Singapore defers SAF levy amid Middle East tensions

The Civil Aviation Authority of Singapore (CAAS) announced on Wednesday that a planned levy on travellers to fund sustainable aviation fuel (SAF) has been postponed. Originally scheduled to commence on 1 April, the initiative has been pushed back due to the ongoing impact of the Middle East conflict on the global aviation industry and its passengers.

The levy is now set to apply to tickets and services sold from 1 October this year for flights departing from 1 January 2027.
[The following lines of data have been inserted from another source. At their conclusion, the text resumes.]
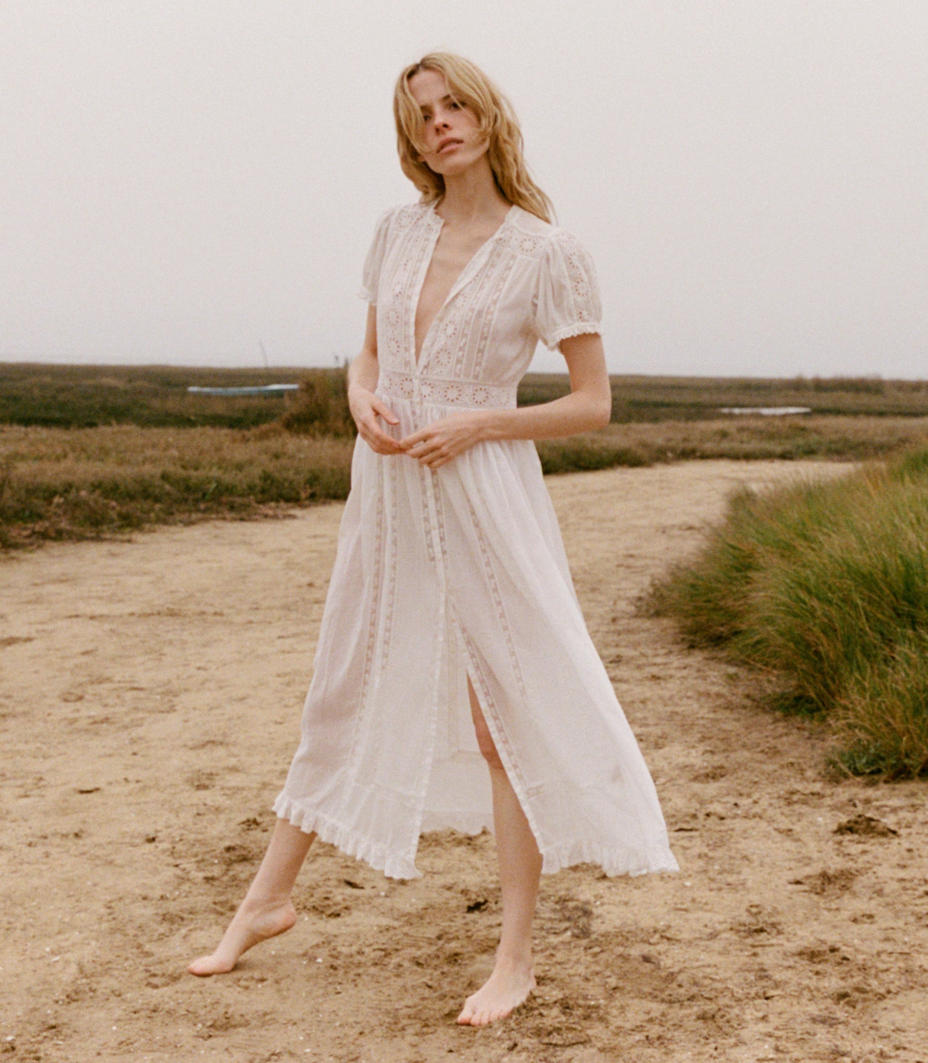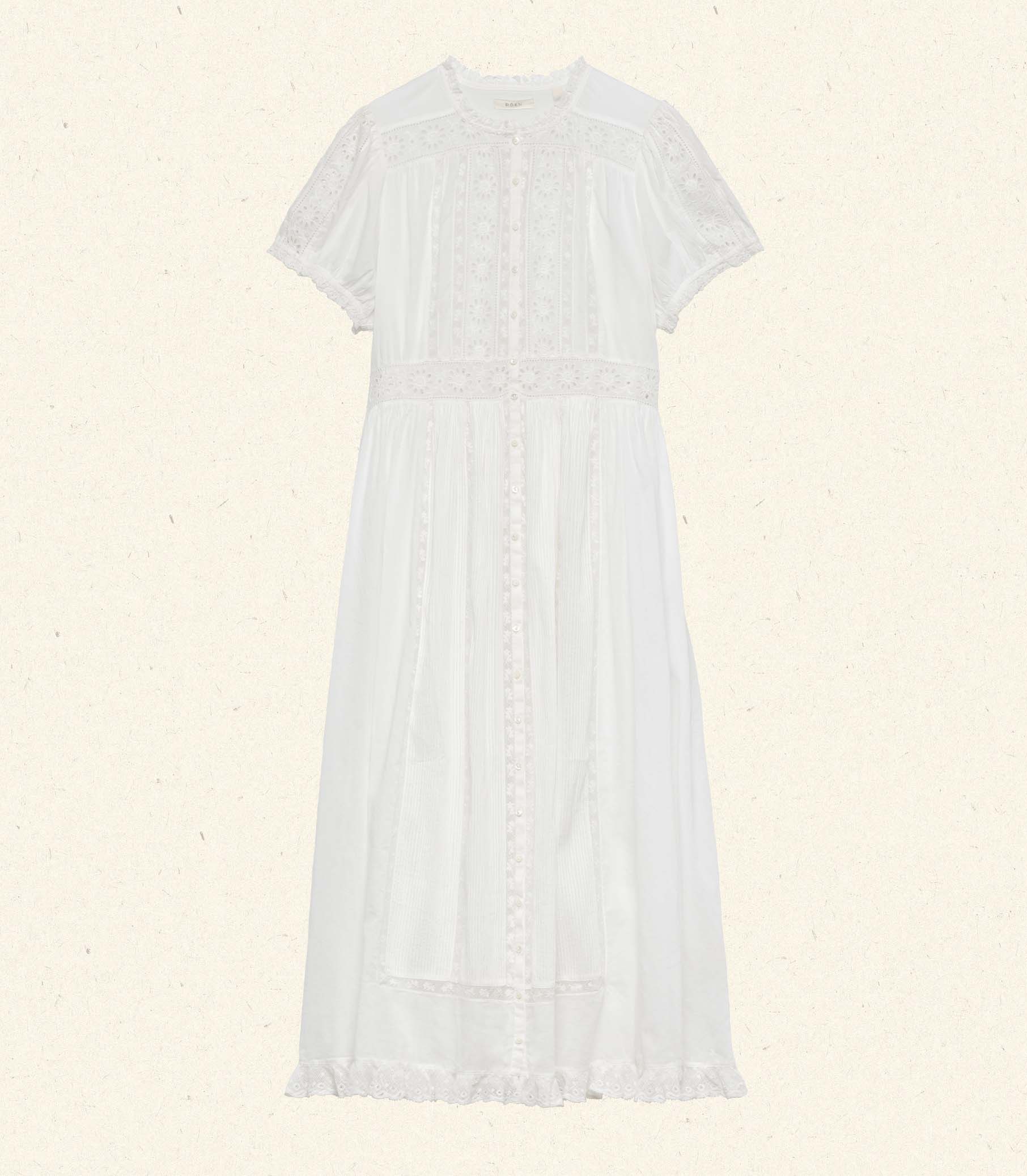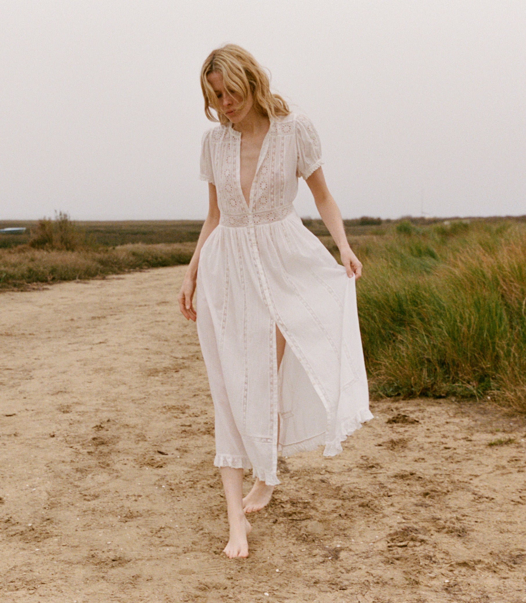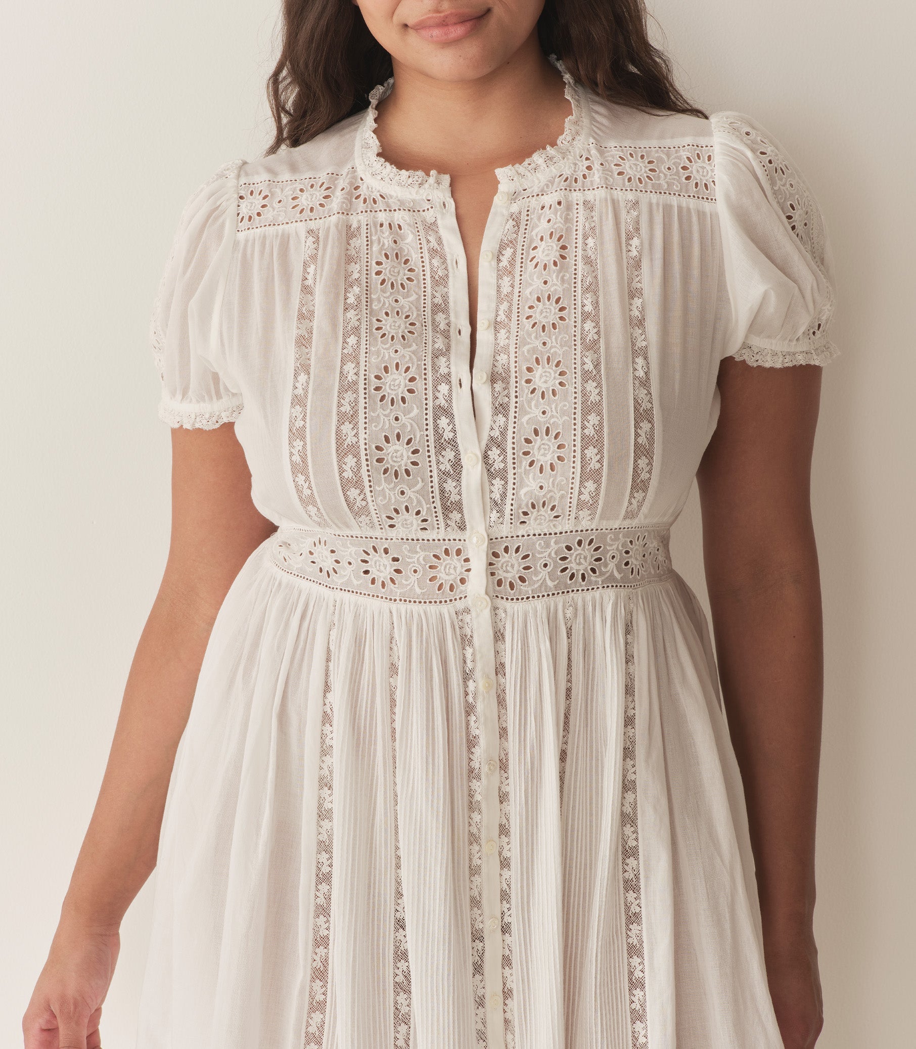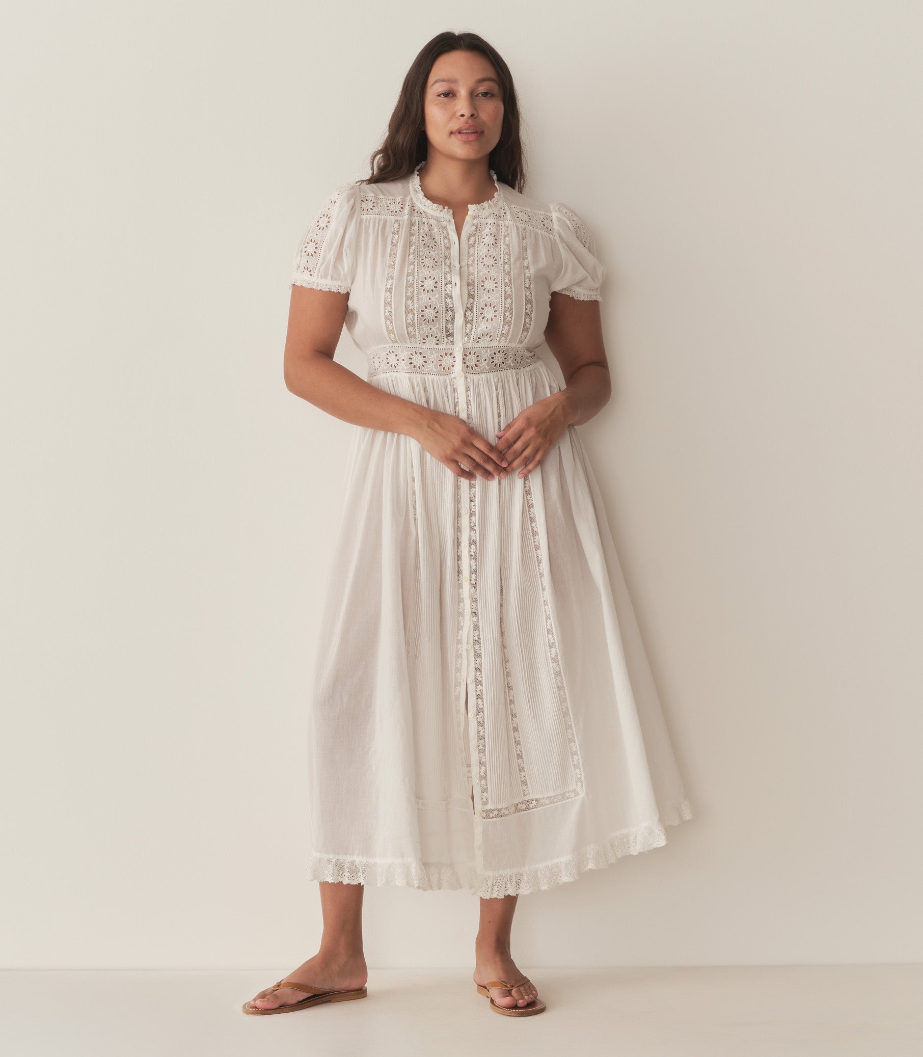 Crafted from the softest organic cotton voile, the Windsor Dress takes cues from our fan-favorite Leigh Top, featuring short puffed sleeves and allover alternating panels of inset lace, eyelet embroidery, and ladder trim. A line of starburst buttons run down the front, while a fitted waist gives way to an ankle-grazing skirt with a ruffle.
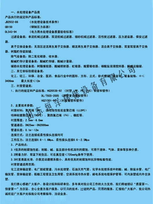 各類水處理設備及化工防腐設備
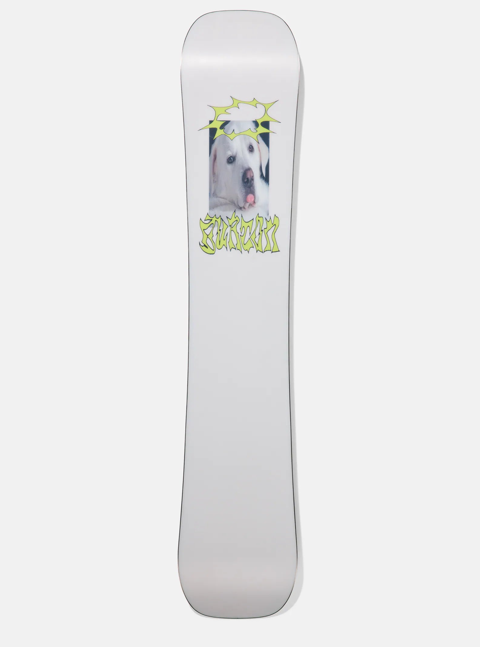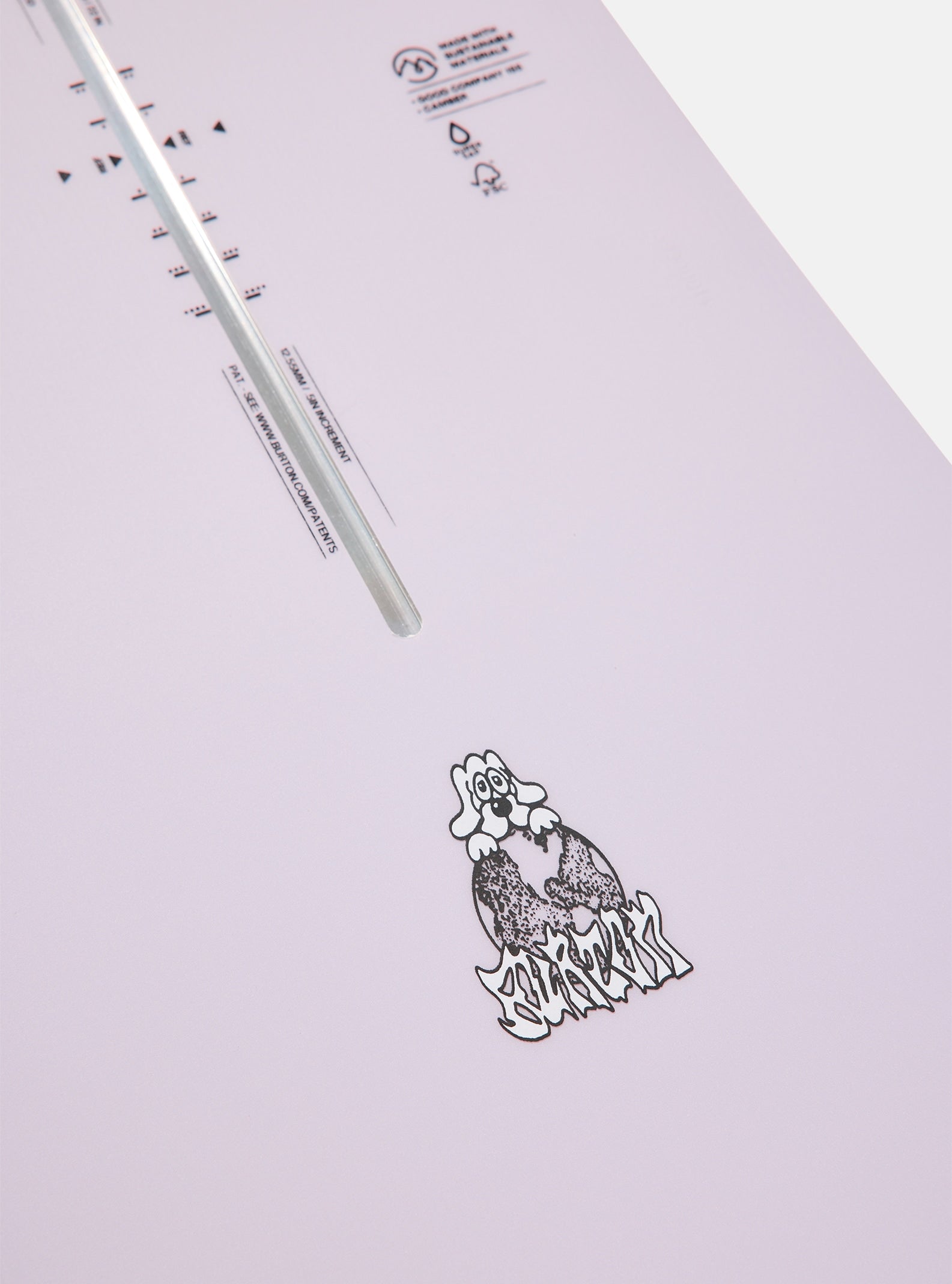 ABOUT THE GRAPHIC: Dogs are funny and cute. We also think they make good company, so the latest Good Company deck channels positive dog energy and good times with dog tags and a portrait of Burton lead designer Casey Callahan's dog Posie on the base.
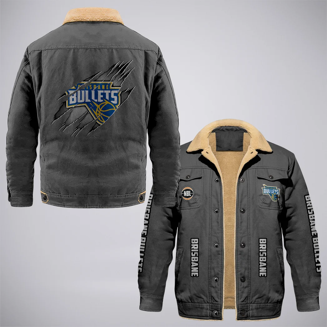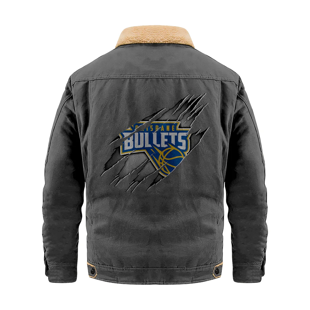 Brisbane Bullets Jacket Fur Collar Fleece NBL 2025 For Fan Brisbane Bullets HVN1162072525BB HVN1162072525BBCFJ – Gray

Under the revised timeline, the 1% sustainable aviation fuel target for Changi and Seletar airports will now take effect in 2027, rather than 2026. However, CAAS confirmed that the longer-term goal of reaching a 3% to 5% SAF blend by 2030 remains unchanged. The levy, which ranges from approximately S$1 to S$41.60 depending on destination and travel class, will apply to all origin-destination passengers and cargo shipments, as well as business and general aviation flights.

Despite the delay, a voluntary trial led by the Singapore Sustainable Aviation Fuel Company (SAFCo) will proceed as planned this year to support the transition. Han Kok Juan, Director-General of CAAS, emphasised that the nation’s environmental objectives remain a priority despite the temporary setback.

“Singapore remains firmly committed to aviation decarbonisation. We are taking a pragmatic pause in view of the current situation,” said Han. “We will continue to work closely with our aviation industry partners and monitor global developments.”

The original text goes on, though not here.